The Bilenkin Vintage is a two-toned, Russian domestic market rebody of a previous BMW 3 Series. It’s made to look like a Volga. It has BBS-style wire rims straight from the Eighties, chrome headlight surrounds and “jewelry items of pure gold and diamonds.” We really, really like it.
Russia has a checkered history of tinkering with foreign cars. Remember the first Moskvitch, a cloned Opel Kadett made on the original German assembly line "acquired" from Brandenburg after the war? Easy to work on, yet hardly as advanced as what the auto industry came up with outside the Soviet Union. Still, with a high demand for locally produced cars, the Soviets carried one, eventually creating the world's first unibody SUV, the Lada Niva.
And this cartoonish luxury coupe with a paisley interior? This we love, because despite the Vintage’s German bones, the car’s spirit is joyously, fiendishly Russian.
Two models of the car debuted at the recent Dubai Auto Show, each wearing a shapely, chrome-heavy shell that totally camouflaged the BMW’s shape. One, shall we say, goes full Moscow. The paint is two-tone teal and gold, bisected by a thick chrome strake. The wheels are also gold, and wear white-walled tires. Inside, things get even more indulgent, past even the Kremlin’s most lavish stateroom. Frosted shift knob? Of course. Walnut inlays with jeweled ornaments of silver, gold and diamonds? De rigueur. Wildly careening paisley and green leather upholstery? Splash a shot of Stoli across my face and call me Uncle Vanya.

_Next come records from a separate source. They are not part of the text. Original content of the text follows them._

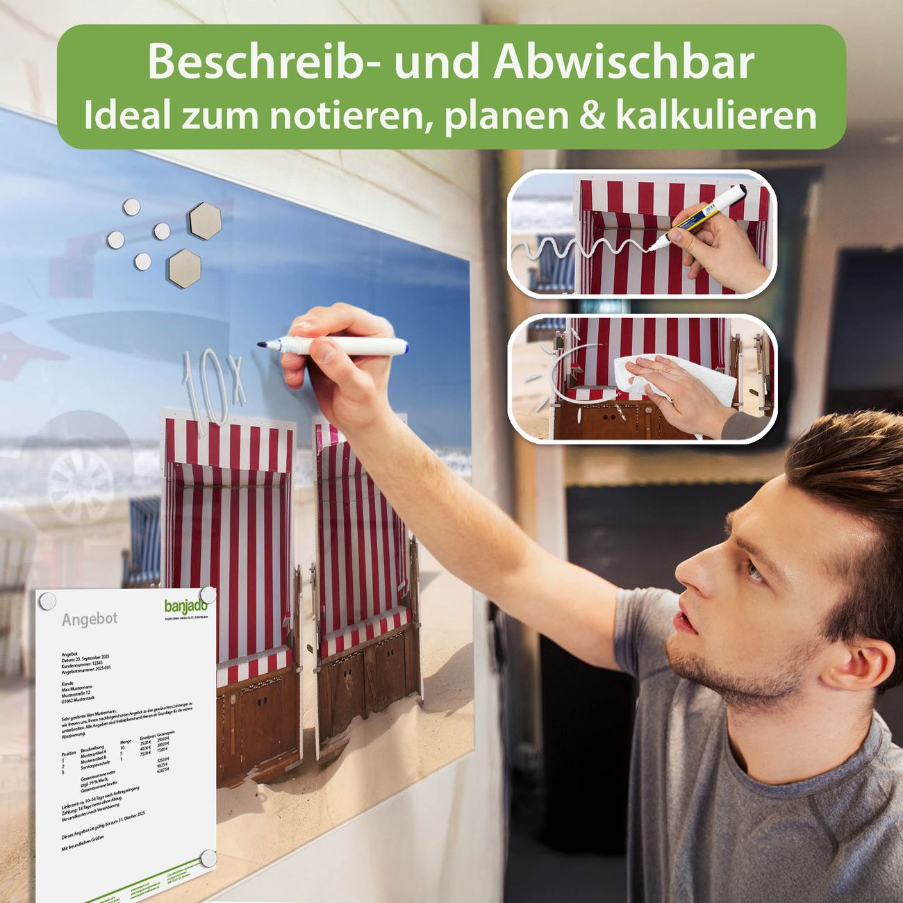 Die banjado Glas Magnettafel mit dem Motiv Motiv Strandkörbe verbindet Funktionalität mit Stil. Sie ersetzt das Zettelchaos durch klare Strukturen und bringt dabei eine warme, natürliche Atmosphäre in Ihr Zuhause. Ob im Büro, in der Küche oder im Eingangsbereich - dieses Design-Board zieht Blicke an und sorgt für Ordnung mit Charakter.
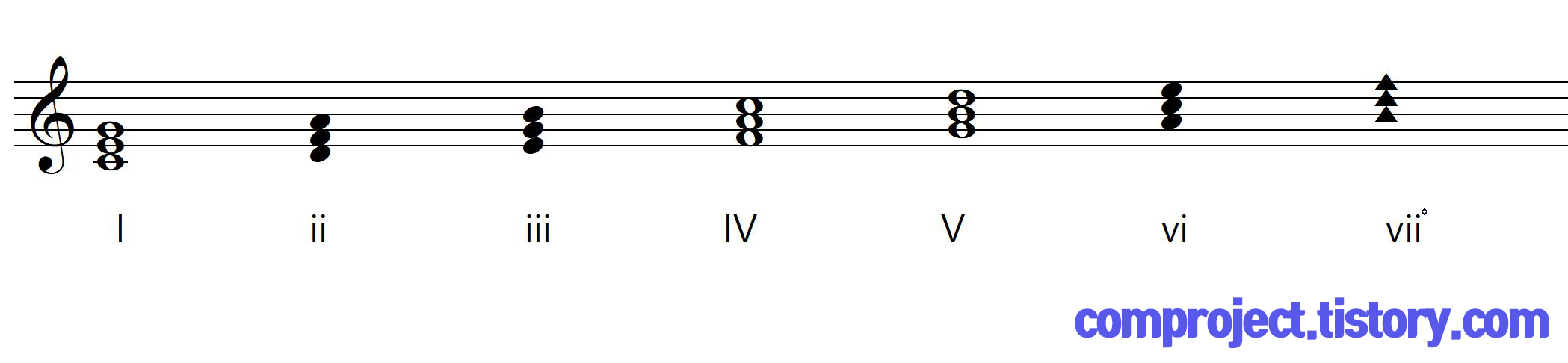 vii도는 화음의 성질이 다릅니다.(감3화음) 이것은 나중에 다시 설명합니다.
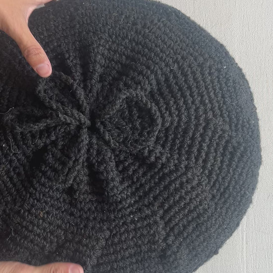 Handwoven round cushion made from pure sheep wool. Crafted by artisans in northern Argentina.
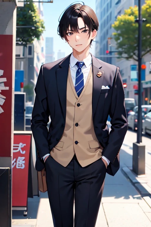 A handsome man with the face of a tycoon.

A second model shows a bit more of the insidious Western Influence. It wears BMW-esque alloys, a serious gunmetal grey paintjob and toned-down, if lavish, interior of brown, quilted leather, burgundy carpets and black leather touchpoints. Pricing remains up in the air, and as with any bespoke car, such numbers should be high and climb quickly as you enact your personal taste. Figure on a minimum ownership of two Siberian oil-field contracts to climb behind this retro-chic sled.